Tuesday, February 14, 2006

A sign on the road ahead: Retailers hire 'human billboards'

Michael Demasi
The Business Review (Albany)

LATHAM, N.Y. - Why was a 21-year-old, laid-off Christmas tree farm hand from a tiny town in northern Pennsylvania standing on a sidewalk along busy Route 7 in Latham for three days straight?

He was a walking billboard for a children's clothing store, 4 Ever Kids.

Cain Dieffenbach is one of the small legion of sign holders hired by local and national retail stores to get the word out--literally--about end-of-season discounts and going-out-of-business sales.

These aren't the people who get paid to dress in funny costumes and wave at cars.

These are the people who get paid to stand on a street corner holding a big sign with bright letters.

That's it.

For hours at a time, as if they're one picketer at a phantom rally.

If they're lucky, as Dieffenbach was during his recent stint, the winter weather is unseasonably mild. Even so, he came prepared with long johns, thermal socks, hunting gloves and a red knit hat that matched his Chuck Taylor Converse sneakers.

Asked how much he gets paid, Dieffenbach said it's about minimum wage. A friend back home owns a small company that offers the sign service, and Dieffenbach figured he could make some money now that the Christmas tree-cutting season is over.

He said the worst part was the five-hour drive from his home in Canton, Pa., to Latham because he gets carsick.

"I could stand still, but I'd rather walk around," the polite, soft-spoken Dieffenbach said as traffic roared by Peter Harris Plaza one day in January.

Although town residents sometimes complain about the practice, Colonie's sign ordinance has no prohibition against it.

"It's a free-speech issue," said Bob Cordell, chief commercial building inspector. "I can't regulate it. I can regulate signs, but I cannot regulate somebody's ability to communicate. ...If the sign is by itself on the ground, that's a different story."

The town of Guilderland takes a completely different stance.

Temporary signs are forbidden without a permit or zoning variance. As a result, Zoning Enforcement Officer Rodger Stone occasionally investigates calls about human billboards, particularly around Crossgates Mall. He said most retailers put a halt to the advertising once they learn about the town's laws, but not everyone agrees to stop.

Whitehall Jewelers in Crossgates is an example. The store has held a liquidation sale for the past couple of months as it prepares to close, one of 77 locations shutting down in the Chicago-based chain.

Stone said he warned Whitehall Jewelers to stop around Christmas, but the signs were back Jan. 23. He wrote an appearance ticket for violating the sign ordinance, an infraction that could result in a fine of several hundred dollars.

In six years, Stone said only two or three businesses have been fined. The charge was dropped in other cases when the violators promised not to do it anymore.

John Pytleski, manager at Whitehall Jewelers, called the ticket "absurd." He said it's not the store's problem, because the sign holders were hired by a liquidation company in charge of the going-out-of-business sale.
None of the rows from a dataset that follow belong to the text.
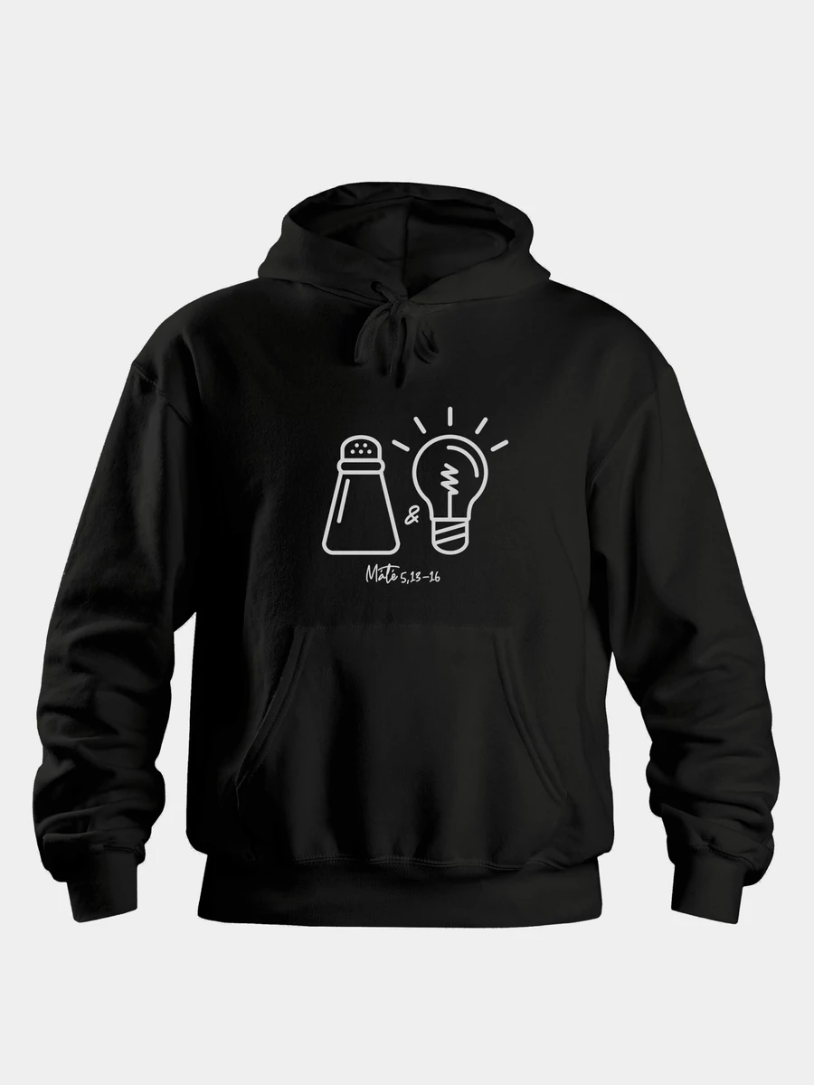 Kapucnis pulóver kenguruzsebbel, magyar felirattal, sószóró- és izzómintával.
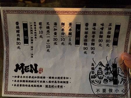 台中西屯派出所附近有一家MEN拉麵,跟一般拉麵店不同的是,他只開宵夜場
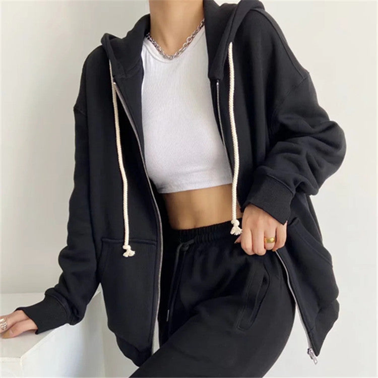 These staple preppy schoolgirl-vibe hoodies cut to a relax silhouette. with drop shoulders. 2 side pockets and zip fasten design.

Regardless, Pytleski said the prohibition was ridiculous.

"It's not like we're on Madison Avenue or Fifth Avenue in New York City," he said. "This is Albany."


  1. I find it hard to believe that municipalities can legally cite companies for this practice. In my mind, it does become a First Amendment issue when a person holds a sign vs. a sign being displayed by itself on the sidewalk. If it's illegal for a person to hold a sign advertising a store, how is it not illegal for a person to hold a sign advertising a political philosophy?

    I'm all for code enforcement, but Zoning can never regulate the actions of human beings.

  2. Human signs can be cited under nuisance regulations or for placing pedestrians in the highway's right-of-way. it's all a little silly. As long as a person is not throwing themselves into traffic, what is the big deal?

    On my end, Big Green is prohibited by the shopping center from putting up outdoor advertisements, though one day we decorated out office leader's SUV with Big Green ballons and a banner.

  3. I'm grabbing at straws here, but I'm somewhat under the impression that the precedent for such laws was set when people 'espousing strong political philosophies,' especially when using them to implore customers to boycott certain businesses on principle, were banned from storefronts by the same nuisance laws that apply here.

    e.g. I stand outside of a Gap, imploring customers to boycott the store and its affiliates because of abominable labor practices in the third world. I do so noiselessly and with some visual media to illustrate my point. Brilliant political tactic in a world where the general populace is not only increasingly ignorant of corporate practices, but powerless to do anything about them. So a bunch of nuisance ordinances are passed, keeping these rabble-rousers away from malls and storefronts. Who lobbied for that one? hmmmmmmm.... it's coming to me, give me a sec.

    So it's not without precedent that sandwich-board guys should fall under the same jurisdiction.

  4. When you think about it, that is true. Great insight.